O2 Micro appealed, arguing that the district court’s appointment of an independent
expert witness who testified on the merits unduly burdened its Seventh Amendment
right to trial by jury. According to O2 Micro, the district court appointed the expert
because it believed that the technical issues were too complex for a jury, in violation
of established Ninth Circuit precedent that there is no “complexity exception” to a
litigant’s Seventh Amendment rights. O2 Micro also argued that the expert’s
testimony relieved the jury of its tasks.
IP Litigation Alert
The Decision
The appointment of an independent expert is a
procedural ruling reviewable under regional circuit
law. In reviewing this Northern District of
California case, the Federal Circuit applied Ninth
Circuit law with respect to Rule 706. The Ninth
Circuit reviews the decision to appoint a Rule 706
expert for an abuse of discretion. Acknowledging
that “[c]ourts and commentators alike have
remarked that Rule 706 should be invoked only in
rare and compelling circumstances,” the Federal
Circuit nevertheless noted that Ninth Circuit law
allows “wide latitude” for judges to do so. The
Federal Circuit further found that the district court
properly administered the standards set by Rule 706:
The court had allowed the parties to show cause why
an expert witness should not be appointed; over O2
Micro’s objections, the court instructed the parties to
confer upon a mutually agreeable witness; the court
provided detailed written instructions to the expert
regarding his duties; the court ordered the
independent expert to make himself available for
depositions and for examination at trial; the court
instructed the parties to share the expert’s fees and
expenses; and the court did not limit in any way the
parties’ ability to call their own experts, and allowed
these experts to attack, support or supplement the
independent expert's testimony. Finally, the court
instructed the jury that it should not assign the
independent expert’s opinion greater inherent weight
because of his independent status.
The Federal Circuit also rejected O2 Micro’s
argument that the expert’s testimony relieved the
jury of its tasks as policy arguments against Rule
706, noting that Congress had considered and
rejected the very same arguments during the framing
of Rule 706, and that the Supreme Court has long
recognized the constitutionality of court-appointed
experts. The Federal Circuit also pointed out that
the record did not show that O2 Micro’s jury
demand or Seventh Amendment rights were denied
or encumbered.
As a result, the Federal Circuit found that the
district court did not abuse its discretion where it
was “confronted by what it viewed as an unusually
complex case and what appeared to be starkly
conflicting expert testimony.”
Analysis
Monolithic Power affirms the authority of the
district court to appoint an independent technical
expert witness under Rule 706 to testify on the
merits of a patent case to a jury, provided that
certain procedures are followed and subject to the
law of the applicable circuit on Rule 706 experts.
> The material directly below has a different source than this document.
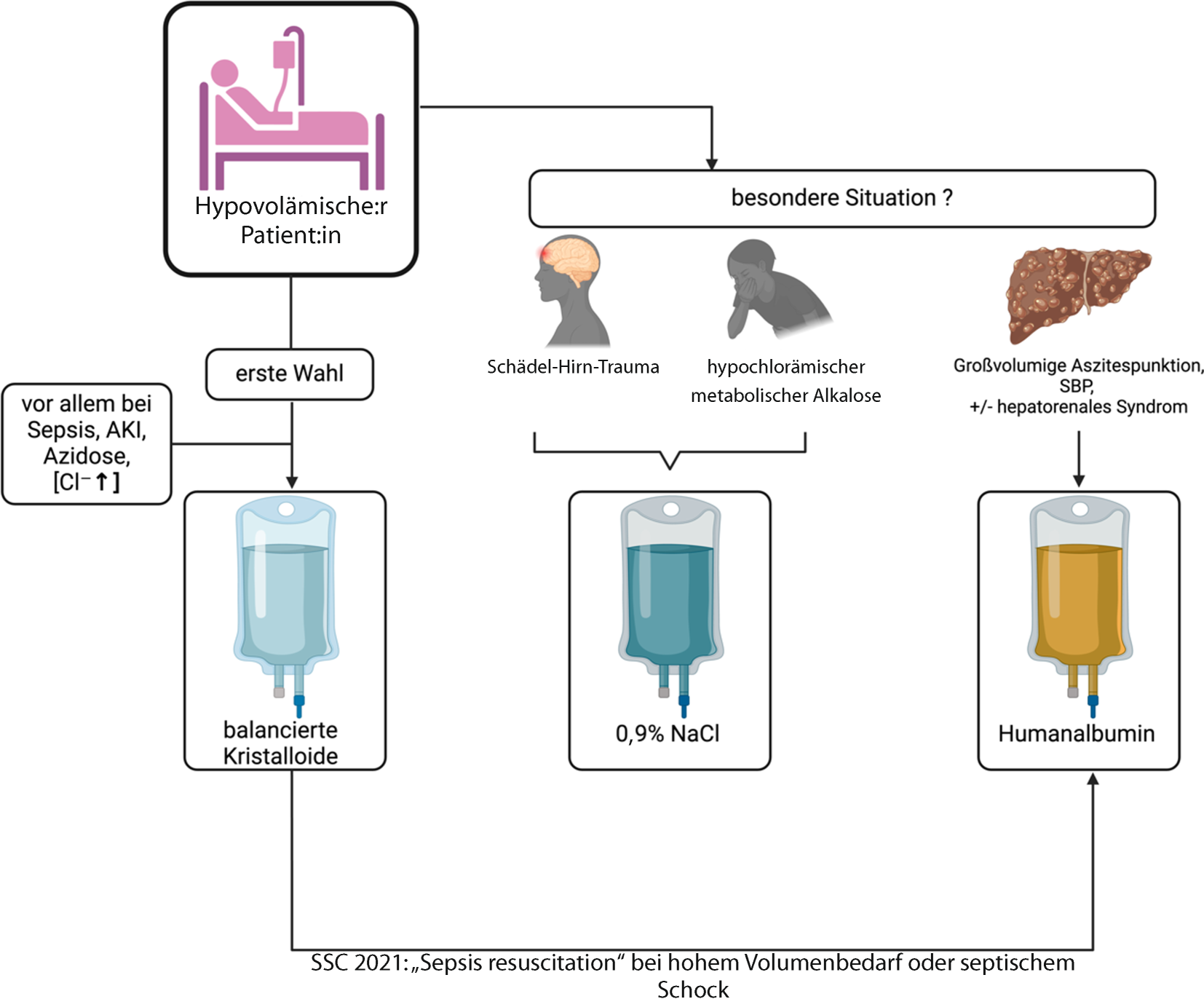 Sepsis, einer häufigen Entität, bei der die Flüssigkeitstherapie eine wichtige Rolle spielt, empfehlen die aktuellen Surviving-Sepsis-Campaign(SSC)-Leitlinien als primäre Resuscitation-Flüssigkeit BK (Abb.

As a result, courts now may be more willing to
appoint independent technical expert witnesses in
patent cases to provide guidance and clarity to the
jury on complex technical issues. Although the
Federal Circuit found that the district court in
Monolithic Power was “confronted by what it
viewed as an unusually complex case and what
appeared to be starkly conflicting expert testimony,”
it might be expected that many close patent cases 1)
would be complex and 2) would have conflicting
expert testimony. In other words, many patent cases
may present appropriate circumstances for
appointing an independent testifying expert witness.
Accordingly, litigants in patent cases should be alert
to the opportunities for proposing an independent
technical expert witness. Similarly, the prospect of
having an independent expert appointed will likely
compel litigants to vet their positions thoroughly. If
appointment of such an expert becomes more
frequent, the attending uncertainty over the
independent expert witness’ testimony may affect
settlements and, ultimately, which cases go to trial.